Number of Other Domestic Banks That Tightened and Reported That Less Favorable Economic Outlook Was a Very Important Reason
SUBLPDCIRTOVOTHNQ • Economic Data from Federal Reserve Economic Data (FRED)
Latest Value
5.00
Year-over-Year Change
-28.57%
Date Range
7/1/1990 - 7/1/2025
Summary
Tracks bank sentiment regarding economic outlook tightening. Provides critical insight into banking sector's perception of economic conditions.
Analysis & Context
This economic indicator provides valuable insights into current market conditions and economic trends. The data is updated regularly by the Federal Reserve and represents one of the most reliable sources for economic analysis.
Understanding this metric helps economists, policymakers, and investors make informed decisions about economic conditions and future trends. The interactive chart above allows you to explore historical patterns and identify key trends over time.
About This Dataset
This metric measures how many domestic banks are tightening lending standards due to economic uncertainty. Reflects potential economic contraction signals.
Methodology
Collected through Federal Reserve bank lending survey of domestic financial institutions.
Historical Context
Used by policymakers to assess potential credit market constraints and economic risk.
Key Facts
- Indicates potential economic slowdown
- Reflects bank risk assessment
- Part of Federal Reserve lending survey
FAQs
Q: What does this economic indicator measure?
A: Tracks domestic banks tightening lending standards due to unfavorable economic outlook. Provides insight into banking sector's economic expectations.
Q: How often is this data updated?
A: Typically updated quarterly through Federal Reserve bank lending surveys. Provides current snapshot of banking sector sentiment.
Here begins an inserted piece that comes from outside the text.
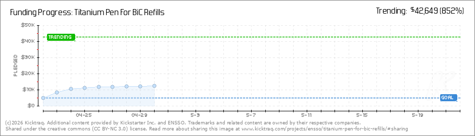 Help your backers reach your daily goals and help others see how you're doing. It's easy, with Kicktraq Mini.Here are a few quick snippits of code you can use to embed your personalized widget on your website, in your blog, and even on your favorite forum.

Q: Why do banks tighten lending standards?
A: Banks tighten standards to manage risk during uncertain economic conditions. Protects against potential loan defaults.
Q: How do economists use this data?
A: Economists analyze this indicator to predict potential economic contractions and credit market changes.
Q: What does increased tightening suggest?
A: Increased tightening often indicates banks expect economic challenges and are reducing lending risk.
Related Trends
Number of Other Domestic Banks That Eased and Reported That Improvement in Industry-Specific Problems Was a Very Important Reason
SUBLPDCIREIVOTHNQ
Number of Foreign Banks That Reported Stronger Commercial and Industrial Loan Demand and Reported That Increased Customer Inventory Financing Needs Was a Very Important Reason
SUBLPFCIRSIVNQ
Number of Other Domestic Banks That Reported Weaker Commercial and Industrial Loan Demand and Reported That Decreased Customers' Precautionary Demand for Cash and Liquidity Was a Somewhat Important Reason
SUBLPDCIRWPSOTHNQ
Number of Other Domestic Banks That Eased and Reported That Improvement in Current or Expected Liquidity Position Was Not an Important Reason
SUBLPDCIRELNOTHNQ
Number of Other Domestic Banks That Reported Stronger Commercial and Industrial Loan Demand and Reported That Shifts in Customer Borrowing From Other Bank or Nonbank Sources Was Not an Important Reason
SUBLPDCIRSSNOTHNQ
Number of Domestic Banks That Eased and Reported That Improvement in Current or Expected Liquidity Position Was a Very Important Reason
SUBLPDCIRELVNQ
Citation
U.S. Federal Reserve, Number of Other Domestic Banks That Tightened and Reported That Less Favorable Economic Outlook Was a Very Important Reason (SUBLPDCIRTOVOTHNQ), retrieved from FRED.